Cellular-Automata Models with Small-World Topology and Noise. We systematically study the 64 symmetric rules (see Figs. 2 and 7-11 and Supporting Methods) for different pairs of values of ke and η. Some of the rules have parallels to physiologically meaningful dynamics. Rule 232 is a majority rule; that is, each unit will be active at the next time step only if the majority of its neighbors is active presently. Rule 50 is a threshold rule with refractory time period; that is, whenever the inputs of the neighbors surpass a certain value, a unit becomes active in the next time step and then will be inactive for at least one time step. The 64 symmetric rules lead to three qualitatively distinct phase spaces (Fig. 4 bd). Rule 232, the majority rule, which is representative of the first type of phase space, displays three distinct types of dynamical behavior (Fig. 4b). For small ke, we find mostly Brownian-like scaling. For large ke, we find mostly white-noise dynamics. Of greatest interest, for intermediate values of ke and for a broad range of values of the intensity of the noise η, we find 1/f fluctuations.

Rule 50, which is representative of a second type of phase space, displays fewer types of dynamical behavior. In particular, we find only a narrow range of noise intensities (with a weak dependence on ke) for which the dynamics display 1/f correlations. For η ≳ 0.1, the dynamics become uncorrelated (Fig. 4c). Rule 160, which is representative the third type of phase space, displays white-noise dynamics for all values of ke and η (Fig. 4d).

Note that for ke = 0 (i.e., when the network is a one-dimensional lattice), the model is not able to generate 1/f dynamics. This result implies that, in the context of the model, the existence of long-range connections (i.e., the small-world topology achieved by making ke ≠ 0) is an essential ingredient for the emergence of 1/f dynamics.

Robustness of the Findings. To determine the generality of the results presented above, one needs to address the questions of how these findings are affected by (i) changes in the topology of the network and (ii) “errors” in the implementation of the rules by the units.

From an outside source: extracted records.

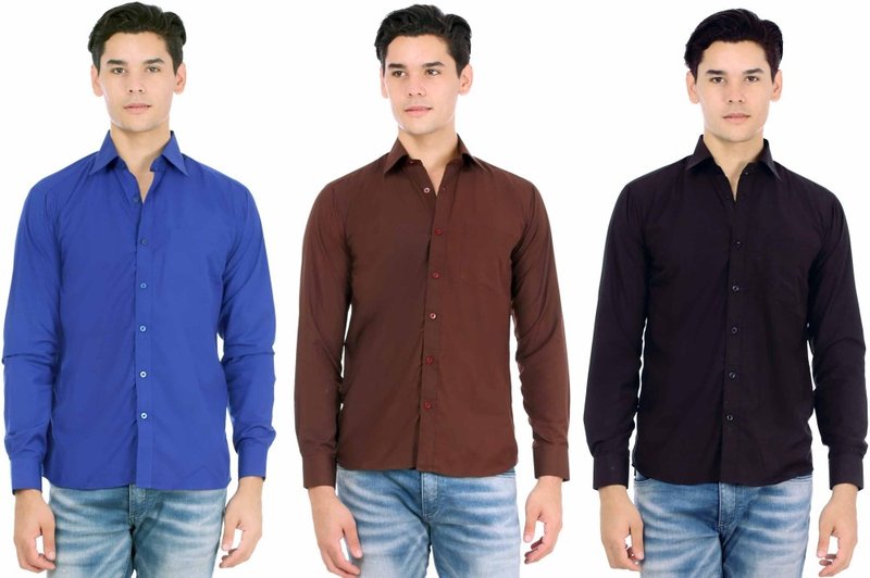 Flipkart has Atmosphere Men's Solid Formal Dark Blue, Brown, Black Shirt(Pack of 3) for Rs.2,299.00 - Rs.1,100.00 (Instant Discount) = Rs.1,199.00 with Free Shipping
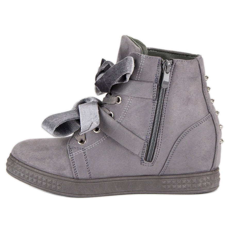 Vi presenterar gråa sneakers med rosetter från varumärket Super Me - perfekta skor för varje modern kvinna som värdesätter original stil och komfort. Dessa unika skor kombinerar en häftig karaktär, tack vare dekorativa nitar och nitar, med en charmig, flickaktig ton som ges av rosetter.
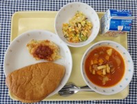 10月2日は「豆腐の日」にちなみ、熊本県の郷土料理の「びりんめし」を作りました。豆腐や野菜を炒め、ご飯と合わせる混ぜご飯ですが、絞り豆腐を炒める時に「びりん、びりん」と音が聞こえることが名前の由来です。給食室でも豆腐を絞り豆腐をしっかり炒め合わせて作ってもらいました。
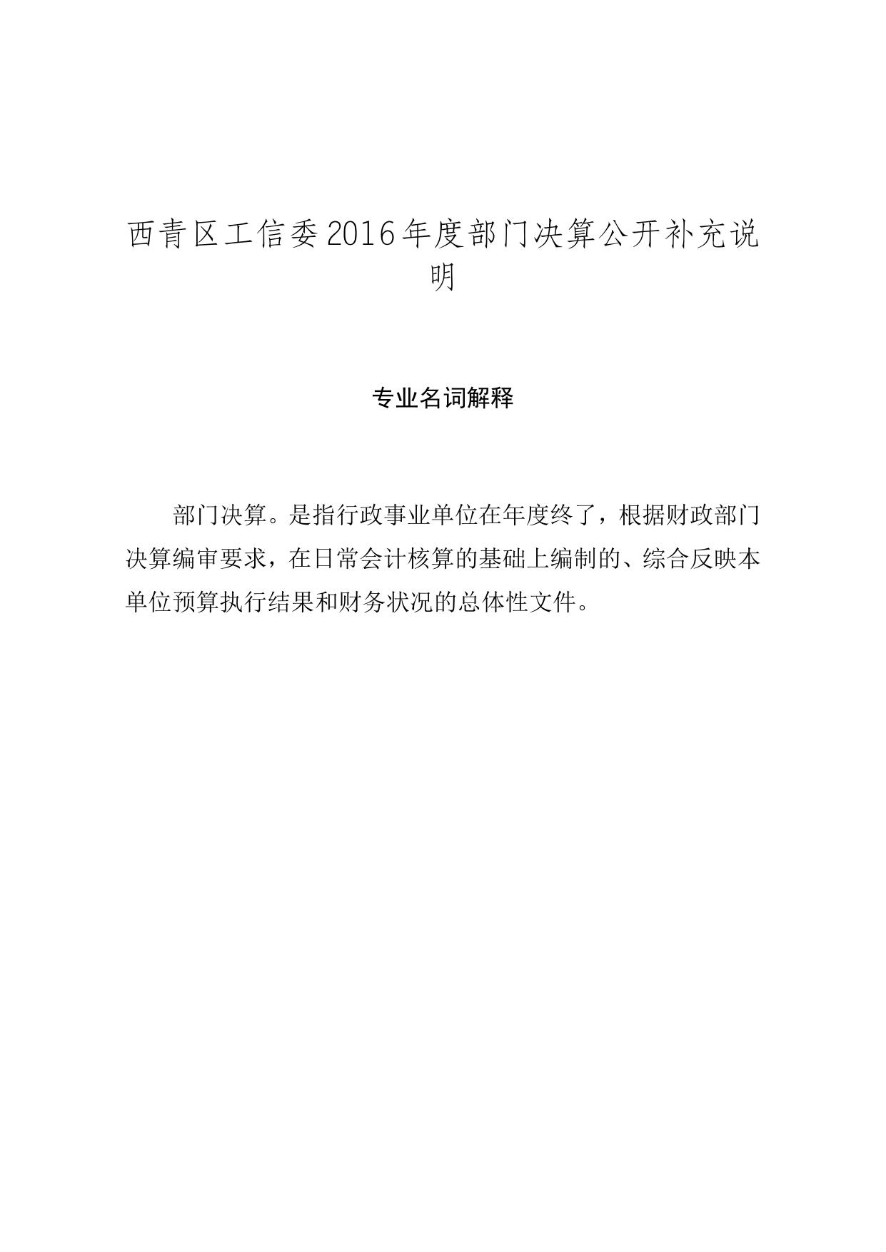 西青区工信委2016年度部门决算公开补充说明 - 2016年决算公开 - 天津市西青区人民政府.doc

Concerning i, we note that the network topologies that have been considered span the cases of ordered one-dimensional lattices, small-world networks, and random graphs (24). However, all considered networks are composed of units with approximately the same degree, i.e., the same number of connections. To investigate the role of the distribution of number of connections, we also study networks that span the range of empirically observed degree distribution: a δ distribution, an exponential distribution, and a power law distribution. The last case corresponds to the so-called scale-free networks (18). Notably, we find that the picture of the phase space shown in Fig. 4b does not get altered by these changes in the degree distribution (see Figs. 7, 8, 9, 10, 11 and Supporting Methods).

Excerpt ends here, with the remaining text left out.